Тогда Лев Николаевич начал сомневаться в правильности понимания им самого вопроса о смысле жизни: «если я не убил себя, то причиной тому было смутное сознание несправедливости моих мыслей. <…> Я, мой разум – признали, что жизнь неразумна. <…> Жизнь есть всё. Разум есть плод жизни, и разум этот отрицает самую жизнь. Я чувствовал, что тут что-то неладно»87; «Что ж, я один с Шопенгауэром так умён, что понял бессмысленность и зло жизни? <…> И мне приходило в голову: а чтò как я чего-нибудь ещё не знаю?»88; и «сознание того, что моя жизнь не может быть шутка, то сознание, из которого Декарт пришёл к доказательству существования бога, выразил убеждением в том, что не мог бог подшутить над нами, это сознание воспротивилось во мне, как оно воспротивится и во всяком человеке в признании бессмысленности жизни разумного существа. Сознание это заставило меня усомниться в том, что я разумно понимал смысл жизни»89.

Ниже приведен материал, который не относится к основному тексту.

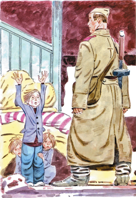 Закинув автомат за спину, он отбросил верхние узлы и увидел пещерку среди вещей. В ней, прижавшись друг к другу, лежали трое ребятишек – два совсем маленькие, года по четыре, третий лет семи. Худенькие, как тростинки. В сумраке подъезда были видны их бледные, осунувшиеся личики. Тот, что постарше, мгновенно вскочил, оттолкнув маленьких, и поднял руки вверх.
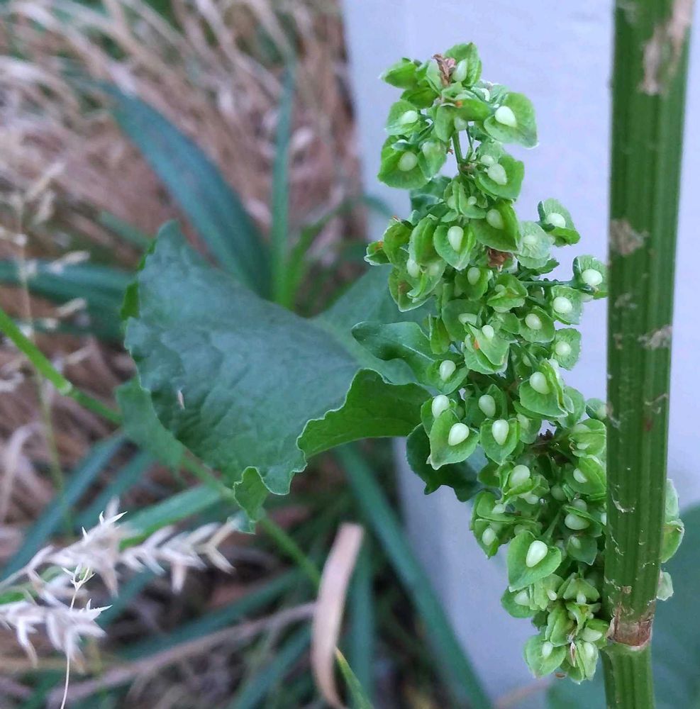 ツツジやシャリンバイの低木と野草の生え放題の植え込みに生えていたナガバギシギシ。
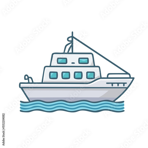 Obraz premium White Cruise Boat Sailing on Water with Light Blue Waves isolated on Black...
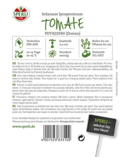 Die Tomate ‚Dona‘ ist eine sehr ertragreiche Cocktailtomate in Premiumqualität. Jede Pflanze trägt im Zeitraum von Juli bis Oktober im Schnitt mehr als 100 Früchte, wobei pro Traube bis zu 10 Früchte ausgebildet werden. ‚Dona‘ eignet sich ideal für die Topfkultur und wird, je nach Größe des Topfes, ca. 20 bis 40 cm hoch. In die Breite wächst sie bis zu 60 cm. Das oft notwendige Ausbrechen der Seitentriebe ist bei dieser sehr widerstandsfähigen F1-Hybriden nicht notwendig, was sie auch zu einer guten Ampelpflanze macht.
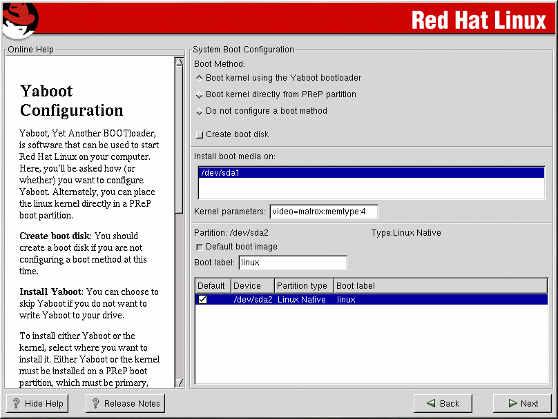 In order to boot your Red Hat Linux system, you usually need to install either YABOOT or the linux kernel in a PReP boot partition. The PReP boot partition must be a primary partition, ie: sdx1-sdx4, where sdx is the disk containing the root ("/") partition.

В итоге Толстой осознал: «строго разумное знание, то знание, которое, как это сделал Декарт, начинает с полного сомнения во всём, откидывает всякое допущенное на веру знание и строит всё вновь на законах разума и опыта, – и не может дать иного ответа на вопрос жизни, как тот самый, который я и получил, – ответ неопределённый. Мне только показалось сначала, что знание дало положительный ответ – ответ Шопенгауэра: жизнь не имеет смысла, она есть зло. <…> знание философское ничего не отрицает, а только отвечает, что вопрос этот не может быть решён им <…> ответ, даваемый разумным знанием, есть только указание на то, что ответ может быть получен только при иной постановке вопроса, только тогда, когда в рассуждение будет введён вопрос отношения конечного к бесконечному»90.

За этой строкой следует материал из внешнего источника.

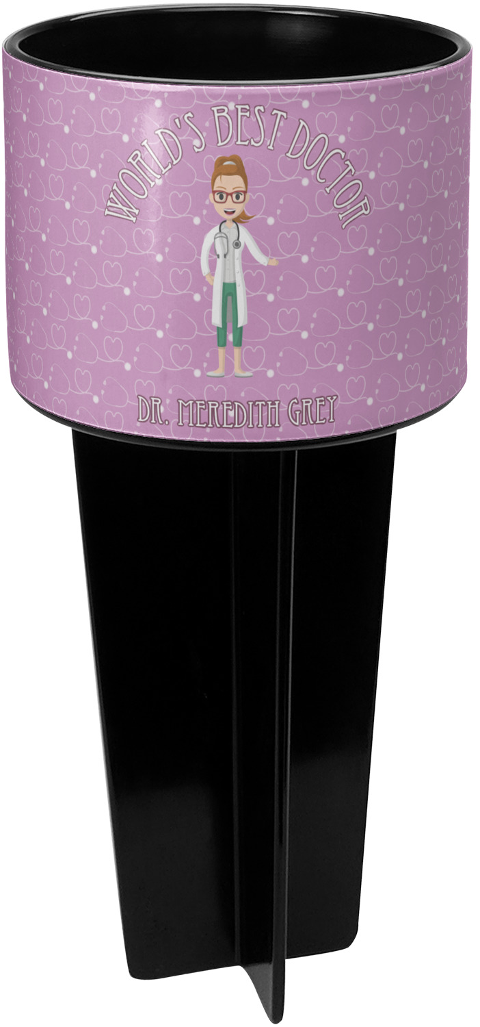 This cup holder has a large stake at its bottom that anchors it to the sand or ground below, while the cup holder rests above the stake. The entire drink holder is made of durable plastic and displays your customization around the cup holder portion. We sell these personalized beach spikers in two different colors: black and white.
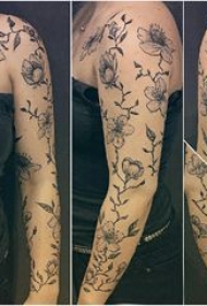 欧美花臂纹身 女生手臂上黑色花朵纹身图片

Обоснованность этих выводов подтверждалась жизнью большей части человечества: «В самом деле выходит так, что есть человечество целое, которое жило и живёт, как будто понимая смысл своей жизни, ибо, не понимая его, оно не могло бы жить, а я говорю, что вся эта жизнь бессмыслица, и не могу жить»91. Но этот смысл, придаваемый жизни человечеством, казался писателю неразумным и ложным: «Оказывалось, что у всего человечества есть какое-то не признаваемое и презираемое мною знание смысла жизни. Выходило то, что знание разумное не даёт смысла жизни, исключает жизнь; смысл же, придаваемый жизни миллиардами людей, всем человечеством, зиждется на каком-то презренном, ложном знании. <…> И это неразумное знание есть вера, та самая, которую я не мог не откинуть. Это бог 1 и 3, это творение в 6 дней, дьяволы и ангелы и всё то, чего я не могу принять, пока я не сошёл с ума»92.

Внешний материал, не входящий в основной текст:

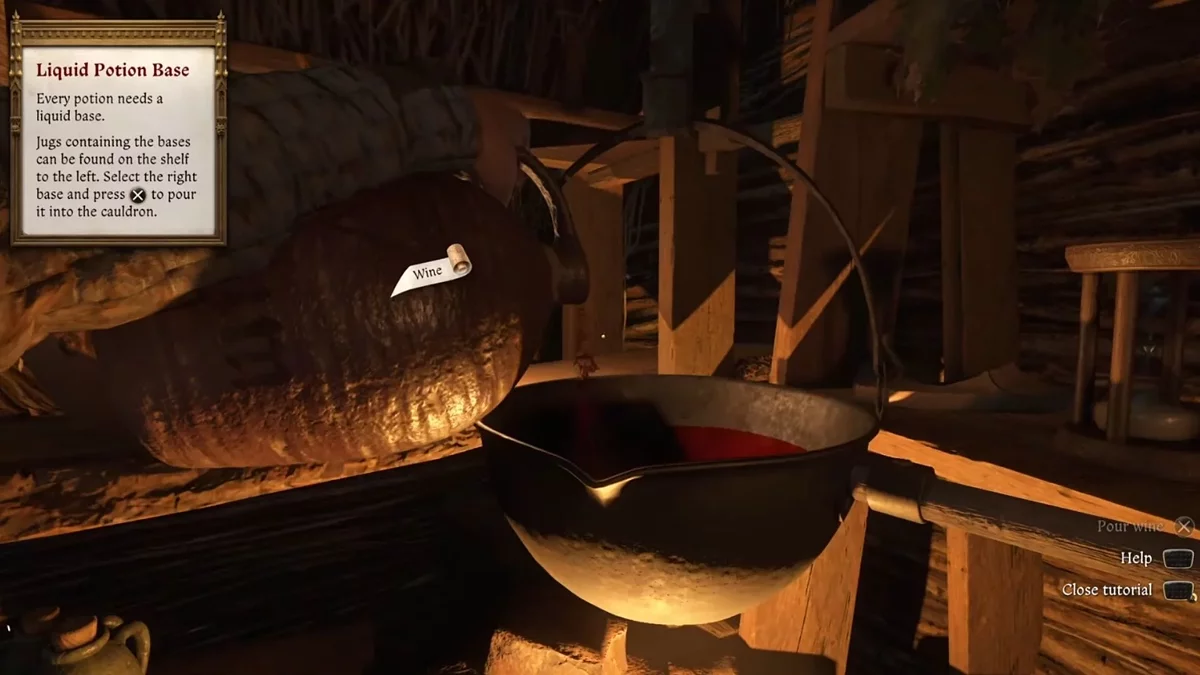Итак, вы все нашли и полностью готовы. Генри стоит около алхимического стола. Во-первых, откройте книгу рецептов и посмотрите, какие ингредиенты вам нужны. Если они в наличии, мешочки с травами все равно придется выложить на полку справа вручную. Основа стоит слева. Сразу же залейте вино, воду или масло в котел. Далее следуйте рецепту и добавляйте нужное количество горстей. Иногда травы необходимо измельчить. Для этого подойдет ступка внизу. Если в рецепте написано измельчить, но вы этого не сделали — отвар либо не получится вовсе, либо будет низшего качества.
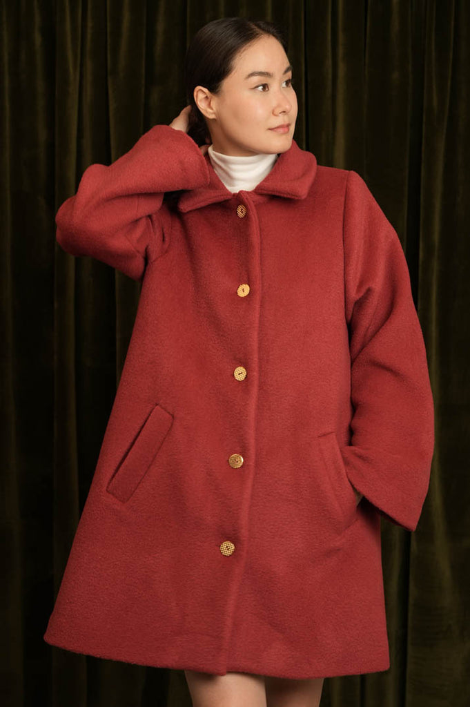 Ce patron comprend des valeurs de couture. Elles sont de 1cm sauf indications contraires. Nous vous conseillons de choisir une matière facile à travailler. Vous pouvez prendre une laine bouillie type loden ou une laine mélangée plate, un velours ras ou une gabardine épaisse. Selon votre budget, prenez un mélange de laines ou une minorité de laine avec une majorité d’acrylique ou de polyester.
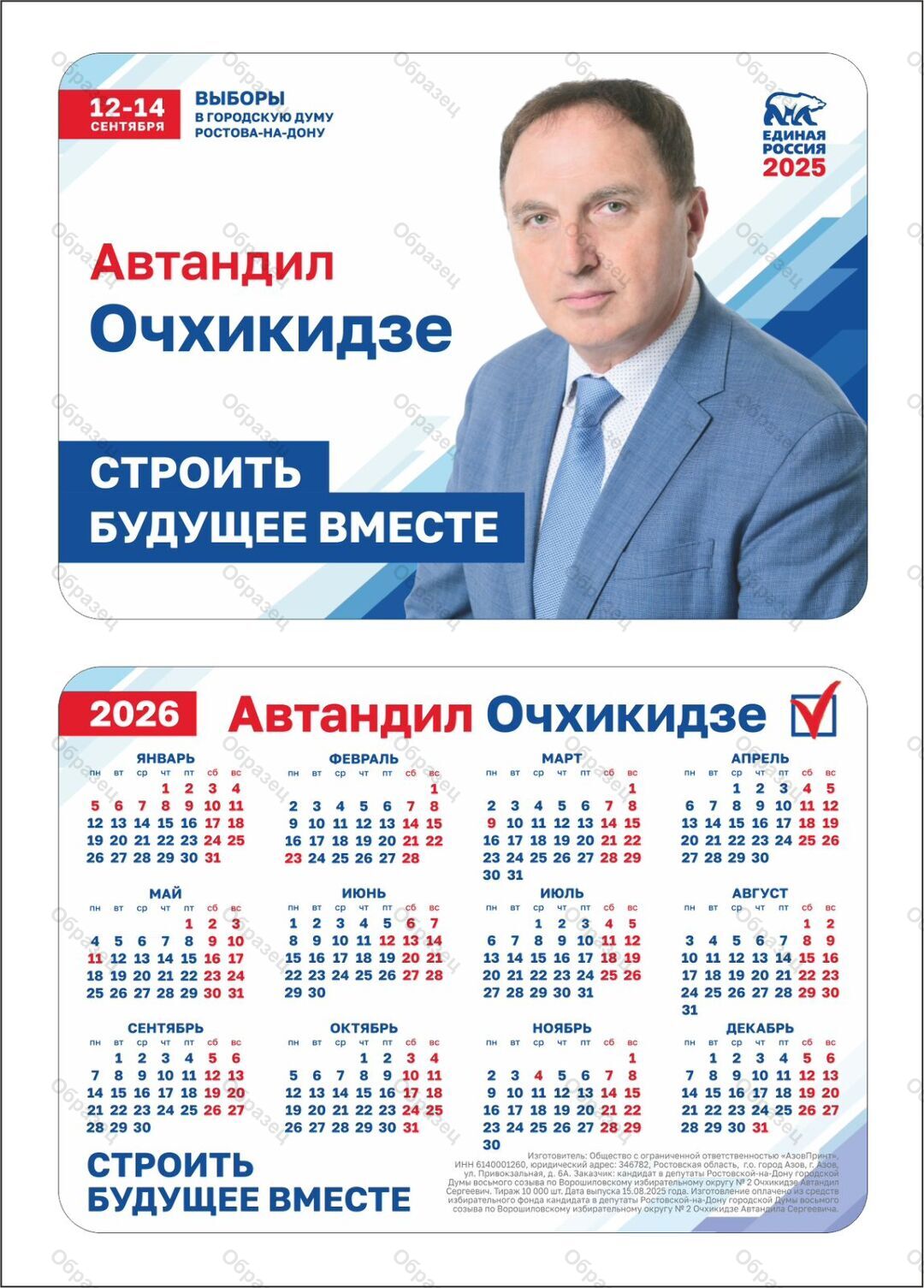 Изготовление оплачено из средств избирательного фонда кандидата в депутаты Ростовской-на-Дону городской Думы восьмого созыва по Ворошиловскому избирательному округу № 2 Очхикидзе Автандила Сергеевича
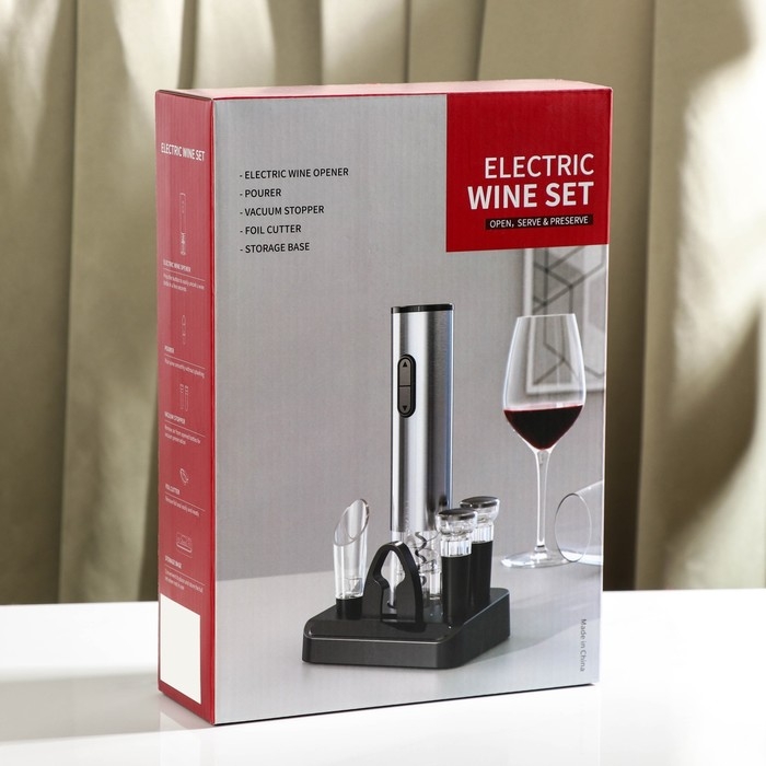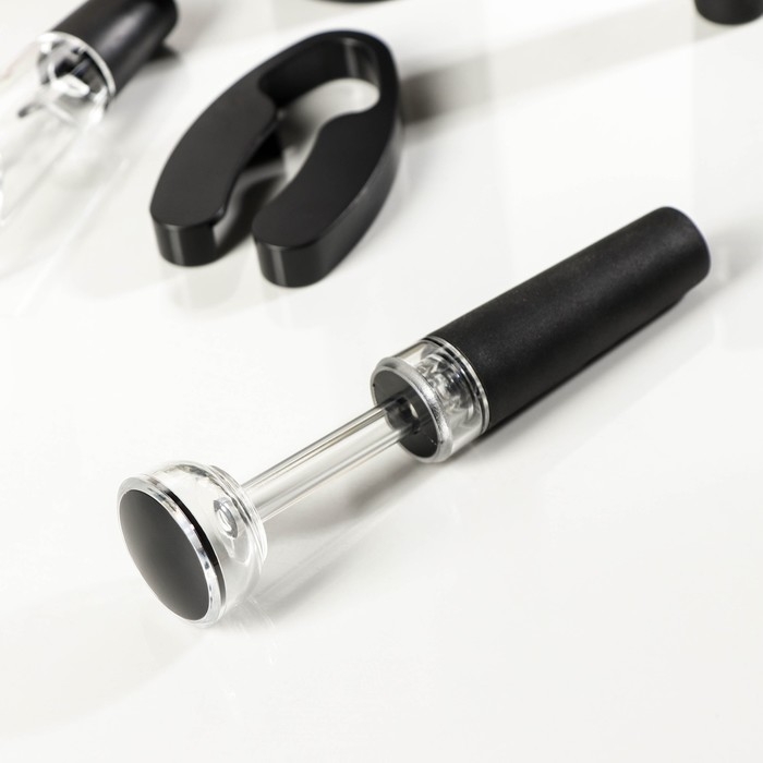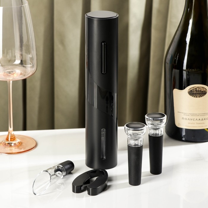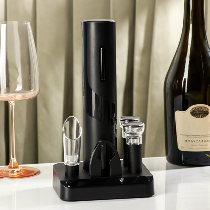 Набор для бара Opra black, 5 предметов: штопор электрический, каплеуловитель, пробка, нож для обрезания фольги

Так Лев Николаевич столкнулся с основным противоречием, помешавшим ему в итоге вернуться к православной вере: «Положение моё было ужасно. Я знал, что я ничего не найду на пути разумного знания, кроме отрицания жизни, а там в вере – ничего, кроме отрицания разума, которое ещё невозможнее, чем отрицание жизни. <…> По вере выходило, что для того, чтобы понять смысл жизни, я должен отречься от разума, того самого, для которого нужен смысл»93.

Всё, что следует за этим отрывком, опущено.